How to connect GA4 to BigQuery

One of the crucial differences between Universal Analytics and Google Analytics 4 is the free native GA4 BigQuery integration that GA4 has. 

This integration is a step forward for Google Analytics as a product. BigQuery allows you to work with the raw data and conduct any research with the data you are interested in. 

Of course, the core element of this is to connect them right. Therefore, I wrote this article to show you how to connect Google Analytics 4 with BigQuery and answer all relevant questions.

What’s BigQuery?

BigQuery is a cloud data warehouse created by Google. In short, it’s a place where you can store your data in a tabular-like format and use SQL language to query it. You can write the data into BigQuery, and you can read this data. 

It's how your GA4 data will look in BigQuery after you connect Google Analytics 4 to BigQuery.
GA4 data in BigQuery. It’s what you get once you connect Google Analytics 4 to BigQuery.

You can also export your BigQuery data into Google Sheets or .CSV file and work with this as you would work with any data in Excel.

Why do you need to connect GA4 to BigQuery?

There are at least two benefits of connecting your GA4 account with BigQuery:

  • As I mentioned above, you can access the raw data. It means the GA4 interface does not limit you, and if you know SQL or have the data team, you can get any report you are interested in because you have access to granular data.
  • BigQuery allows you to overcome GA4 data freshness and have real-time analytics. It means you can use BigQuery and Looker Studio (previous Data Studio) to visualise your data and take actions faster than relying on just the GA4 interface. 
  • As a sequence of the first point – access to the raw data, you can build machine-learning models for your product or use your data for a better forecast. 

As a result, you can hear how many companies (including big ones, for instance, Spotify) have started to benefit from using BigQuery. It’s indeed a valuable asset for any business. Moreover, if you rely entirely on GA4, you can consider BigQuery to be able to meet with your team on Monday and overview the previous week’s performance. Otherwise, you won’t be able to do it due to GA4 data freshness.
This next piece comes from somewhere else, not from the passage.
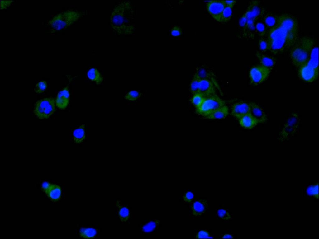 Immunofluorescence staining of HepG2 cell with CSB-RA644699A0HU at 1:50 , counter-stained with DAPI. The cells were fixed in 4% formaldehyde, permeabilized using 0.2% Triton X-100 and blocked in 10% normal Goat Serum. The cells were then incubated with the antibody overnight at 4°C. The secondary antibody was Alexa Fluor 488-congugated AffiniPure Goat Anti-Rabbit IgG(H+L).

How much does GA4&BigQuery cost?

So far, we talked about benefits; let’s talk about associated costs now.

The BigQuery and GA4 integration is free, but you must pay for BigQuery. BigQuery costs depend on two parts: a) storage and b) analysis pricing

If the first depends on the amount of data you store in BigQuery, the second refers to the cost to process queries, including SQL queries, user-defined functions, scripts, and certain data manipulation language (DML) and data definition language (DDL) statements that scan tables.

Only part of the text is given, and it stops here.